▶
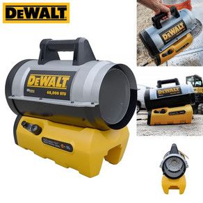무선으로 사용 가능하며 68,000BTU 출력을 제공하고 프로판 가스를 연료로 하여 캠핑이나 야외 활동에서 강력하고 편리한 난방을 지원하는 DeWALT DXH70CFAV 히터.
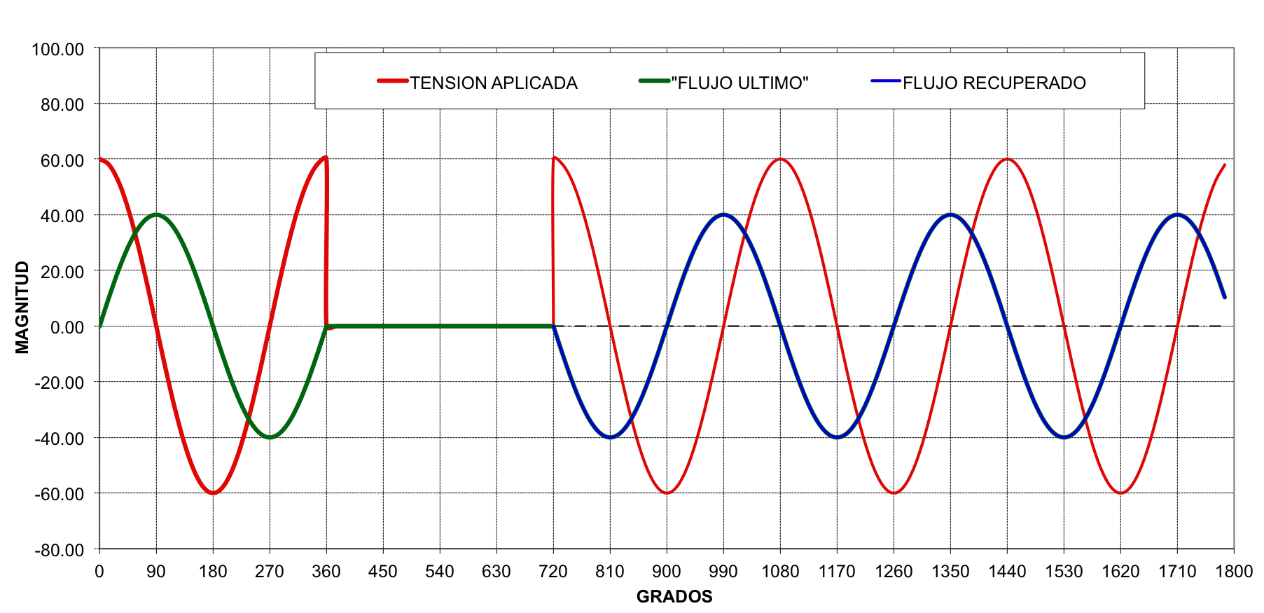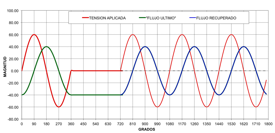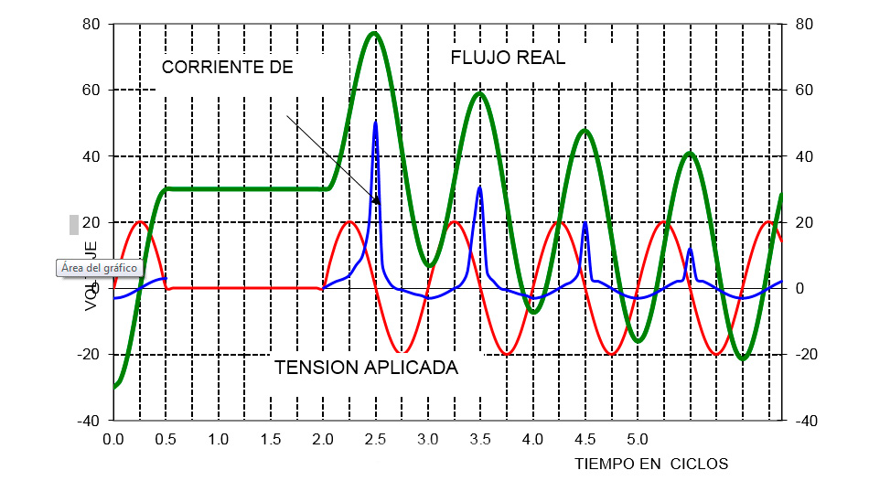 Si la energización se produce bajo las mismas condiciones de Tension que existían al momento de la última desenergizacion, el valor instantáneo del flujo relacionado con la tensión en ese instante será igual con el flujo residual, por lo tanto no habrá una diferencia entre el flujo residual y el valor instantáneo del nuevo flujo impreso por la tensión aplicada.
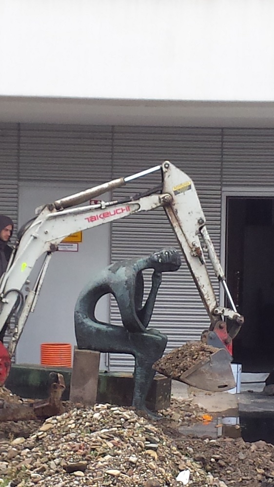 im zuge von umbauarbeiten hat man die figur versetzt und ich habe ab und an fotos gemacht von dem denker. dann schickte ich die fotos an die pressestelle mit der anmerkung, dass ich die fotos dem institut vermache. ich bekam als antwort, ob ich nicht auch dazu einen text schreiben könne. das tat ich dann.
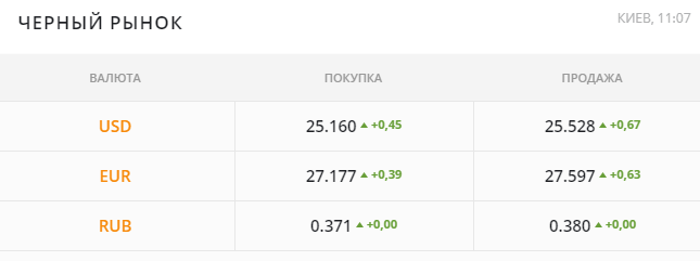 Вслед за межбанком активно растут цены наличного валютного рынка. Средняя стоимость доллара на продаже людям утром подскочила на 30 копеек, и оказалась в широком коридоре — 25,20-25,50 грн/$. Минимальный курс достиг 24,80 грн/$ (его держит, в частности, государственный Укргазбанк), максимальный — на 25,80 грн/$. При этом выкуп валюты у населения происходит в рамках 24,30-25,10 грн/$.
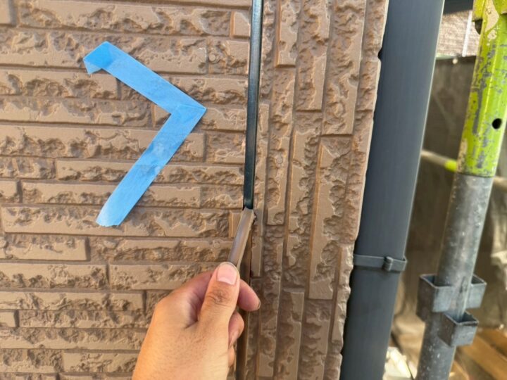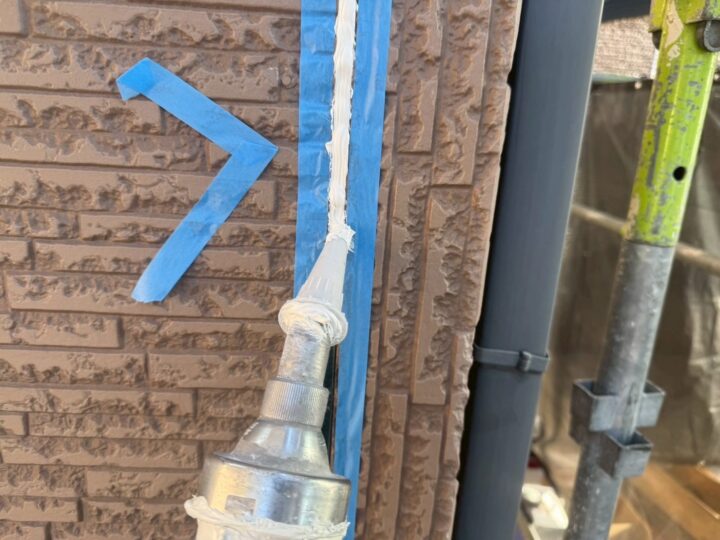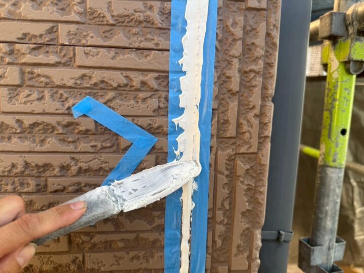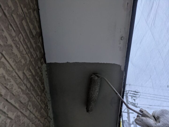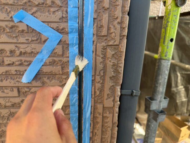 下地材とシーリング材の密着性を良くする為にプライマー施工をしています。シーリング/充填
◀
> Work required
All that should appear in the response is the run of lines from the one with "Si la energización" through the final line of the records, restated exactly, with pictures omitted.

> Worked solution
 Si la energización se produce bajo las mismas condiciones de Tension que existían al momento de la última desenergizacion, el valor instantáneo del flujo relacionado con la tensión en ese instante será igual con el flujo residual, por lo tanto no habrá una diferencia entre el flujo residual y el valor instantáneo del nuevo flujo impreso por la tensión aplicada.
 im zuge von umbauarbeiten hat man die figur versetzt und ich habe ab und an fotos gemacht von dem denker. dann schickte ich die fotos an die pressestelle mit der anmerkung, dass ich die fotos dem institut vermache. ich bekam als antwort, ob ich nicht auch dazu einen text schreiben könne. das tat ich dann.
 Вслед за межбанком активно растут цены наличного валютного рынка. Средняя стоимость доллара на продаже людям утром подскочила на 30 копеек, и оказалась в широком коридоре — 25,20-25,50 грн/$. Минимальный курс достиг 24,80 грн/$ (его держит, в частности, государственный Укргазбанк), максимальный — на 25,80 грн/$. При этом выкуп валюты у населения происходит в рамках 24,30-25,10 грн/$.
 下地材とシーリング材の密着性を良くする為にプライマー施工をしています。シーリング/充填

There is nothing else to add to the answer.